Pada saat yang sama, muncul isu bahwa anggota LDII memberikan sejumlah materi, seperti makanan, kepada warga di Dusun Gawok. Tujuannya terkait dengan keberadaan LDII. Jemaah LDII sendiri hanya beberapa orang yang asli warga Dusun Gawok dan kesemuanya masih berhubungan saudara. Muncul pula isu, Jemaah LDII di dusun itu dekat dengan kepala desa setempat.

Kasus di Dusun Gawok itu sendiri salah satunya dipicu oleh pelaksanaan dua sholat jumat dalam satu dusun. Karena alasan tertentu, pelaksanaan dua sholat jumat, apalagi di sebuah dusun yang kecil itu kurang lazim. Di samping itu, citra sosial keagamaan terhadap LDII yang pun turut memengaruhi bagaimana masyarakat memposisikan LDII. Selama ini ada kesan bahwa ada beberapa pemahaman LDII yang dinilai “asing” bagi warga setempat. Misalnya, keinginan sholat jumat menyendiri itu tadi.

Namun, sampai tulisan ini saya buat, tidak ada konflik lanjutan tentang kasus tersebut. Meskipun ada konflik, tetapi sampai sekarang sepertinya bersifat terpendam. Aktifitas beribadah pun berjalan sebagaimana biasa. Jemaah LDII tetap sholat jumat di tempat ibadah miliknya. Warga lainnya sholat jumat di sebuah masjid yang ada di dusun tersebut. Mayoritas warga di dusun Gawok itu pun berpaham keagamaan NU. Keberadaan mayoritas petani-santri di dusun itu pun mencirikan hal itu.

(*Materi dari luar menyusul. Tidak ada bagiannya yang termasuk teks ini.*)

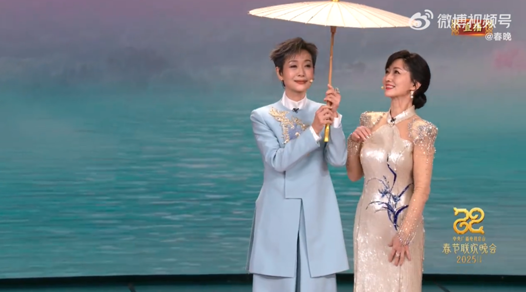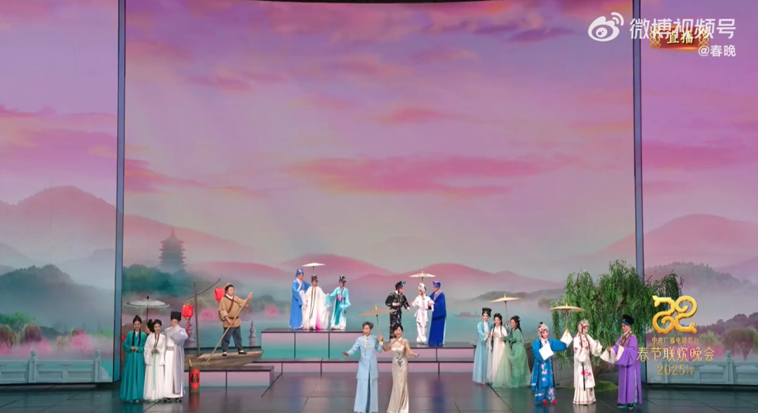 小品《借伞》围绕《白蛇传》中“断桥借伞”的经典桥段,巧妙串联京剧、粤剧、川剧、越剧四个剧种,最后还有赵雅芝叶童春晚合体。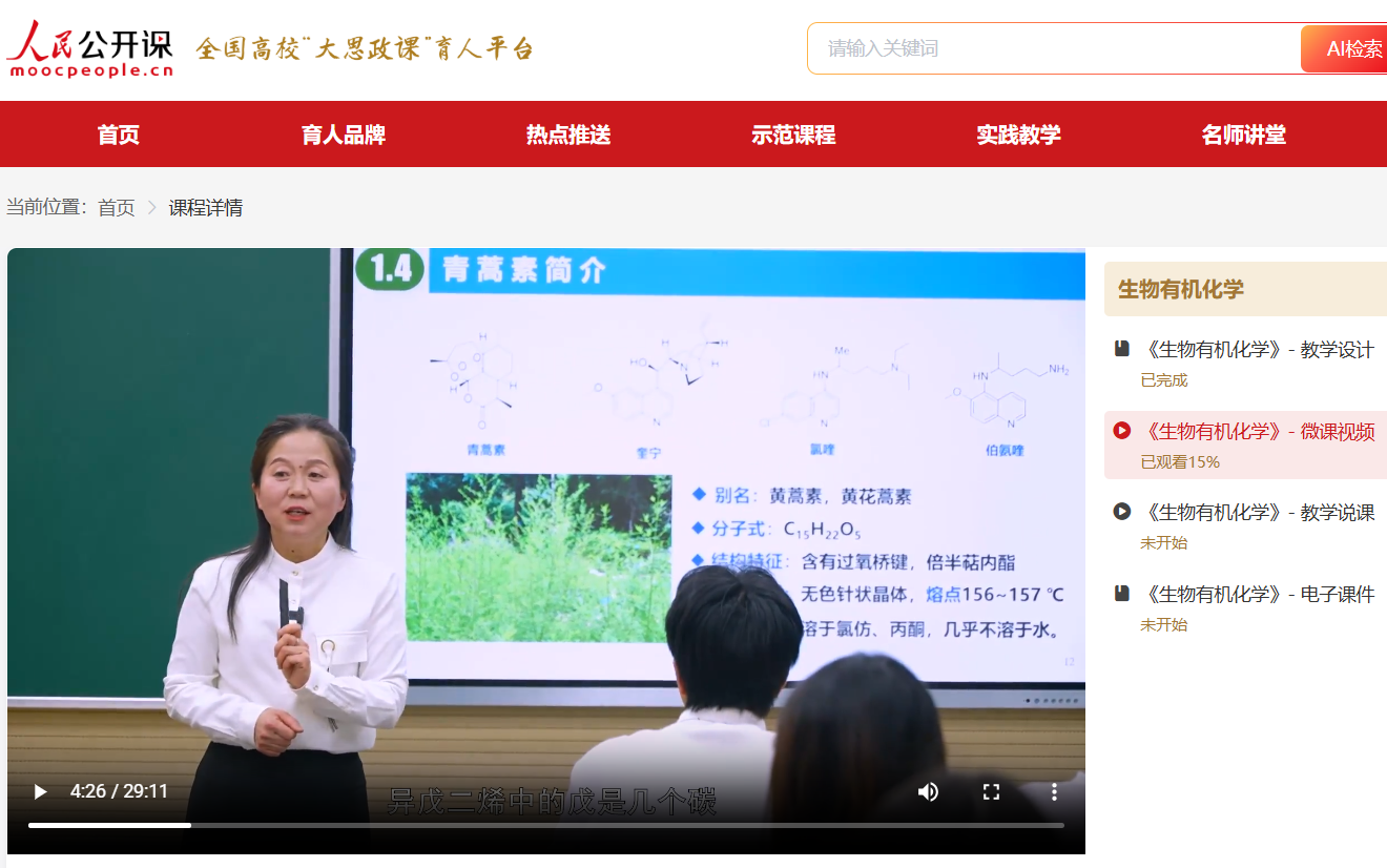 该课程已于4月份入选人民网公开课,累积学习人数5841人。该课程连续入选国家级教育平台,既是age动漫 重视思政课程建设的重要体现,也是落实立德树人根本任务的喜人成果。今后,age动漫 将持续深化课程思政建设,强化“农化融合”特色,构建高质量人才培养体系,培养更多知农爱农的卓越化学人才,为建设农业强国、推进中国式现代化作出新的贡献。

Kembali pada keberadaan petani-santri yang berada di kawasan pedesaan. Menurut tesis Abdul Munir Mulkhan dalam disertasinya yang telah dibukukan (2000) mengatakan, gerakan Islam yang cenderung fundamentalis di kawasan pedesaan telah mengalami pemudaran, sebaliknya neo-sufisme cenderung berkembang di kawasan pedesaan. Dalam hal ini tipe gerakan keagamaan yang cenderung fundamentalis perlu dimaknai secara hati-hati. Berdasarkan itu, gerakan keagamaan seperti LDII yang, antara lain, dikenal eksklusif akan sulit berkembang di kawasan pedesaan. Seandainya berkembang maka akan muncul hubungan konflik dengan berbagai bentuknya.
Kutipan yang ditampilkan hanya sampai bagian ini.